At Friday’s event, McClive-Reed led children on a brief tour of the trail, which hasn’t been maintained over the years and has become overgrown in sections.

She said the area is rich in different types of habitat, including deciduous forest and wetlands. “You get the best of two worlds,” she said. “We have several invasive species and many of them are beautiful, unfortunately.”

Species of trees include sugar maple, birch, spruce, oak, hickory, alder, ash, aspen and sycamore, according to McClive-Reed.

“It will be gorgeous in the spring,” she said.

Some tree limbs are strewn across the path of the trail. “This is part of what we need to clean out,” she said.

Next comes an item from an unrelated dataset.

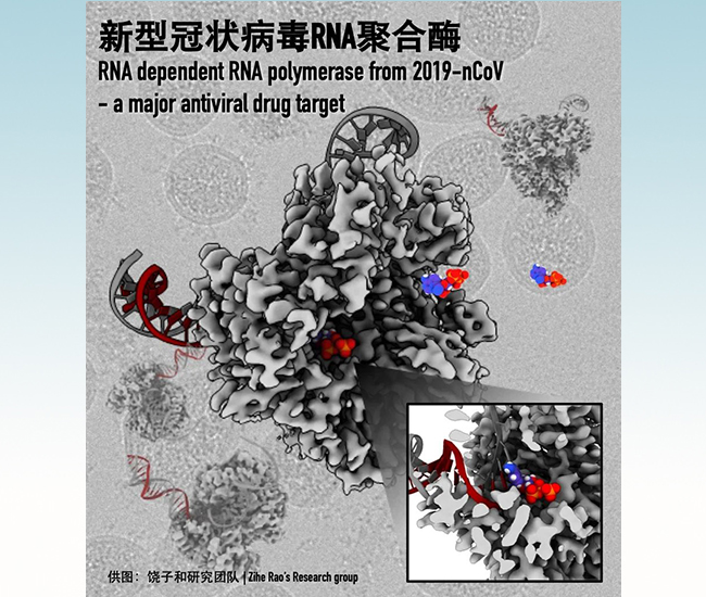 饶子和对冠状病毒聚合酶RdRp的研究始于2009年,十余年间从未停止过探究的脚步。依靠几届师生不断接力优化的经验,在新冠状病毒爆发后短短一个多月时间里,解决了样品表达纯化组装和计算的难题,率先在国际上成功解析新型冠状病毒“RdRp-nsp7-nsp8”复制机器2.9 Å的冷冻电镜结构,提出了瑞德西韦等药物的效应分子抑制聚合酶RdRp的可能模式。

Plant life is also abundant, including cattails, sedge and winterberry.

Organizers also want to open up an unused section of the woods.

“On the far side of the park are the most beautiful ferns you have ever seen,” she said.

She pointed to the remnants of a weir, with a missing gate that diverted water into a man-made pond.

In addition, an old treehouse must be dismantled. While it would have been fun for kids, it is not safe and is a major liability, she said. The outdoor classroom itself, which consists of some stone benches, is in pretty decent shape.

“It was made with some big concrete chunks, probably with some rebar in the middle,” she said.

There are also large sedimentary rocks, she said.

The trail is separated by a creek, but there is no way to cross to another area where it continues, according to McClive-Reed.

In addition to taking a tour, students at the event got to look at reptiles from Reptile Adventure and learn about gardening. Exhibitors included the Children’s Museum of Science and Technology, Cornell Cooperative Extension, Whispering Willow Wild Care, Reptile Adventure and Bentley Seed.

Fifth-grader Abby Apkarian, 10, was trying to place a plant in a soda bottle to learn about hydroponics. “You have to water it when you get home,” she said.

James Nuqui, 11, said he likes the idea of improving the trail.

“I think this is a really good opportunity for Birchwood to get a greenhouse. I think it would teach a lot of kids about how plants grow,” she said.

“I think it will be really cool to have at our school,” said 8-year-old third-grader Sophia Boler.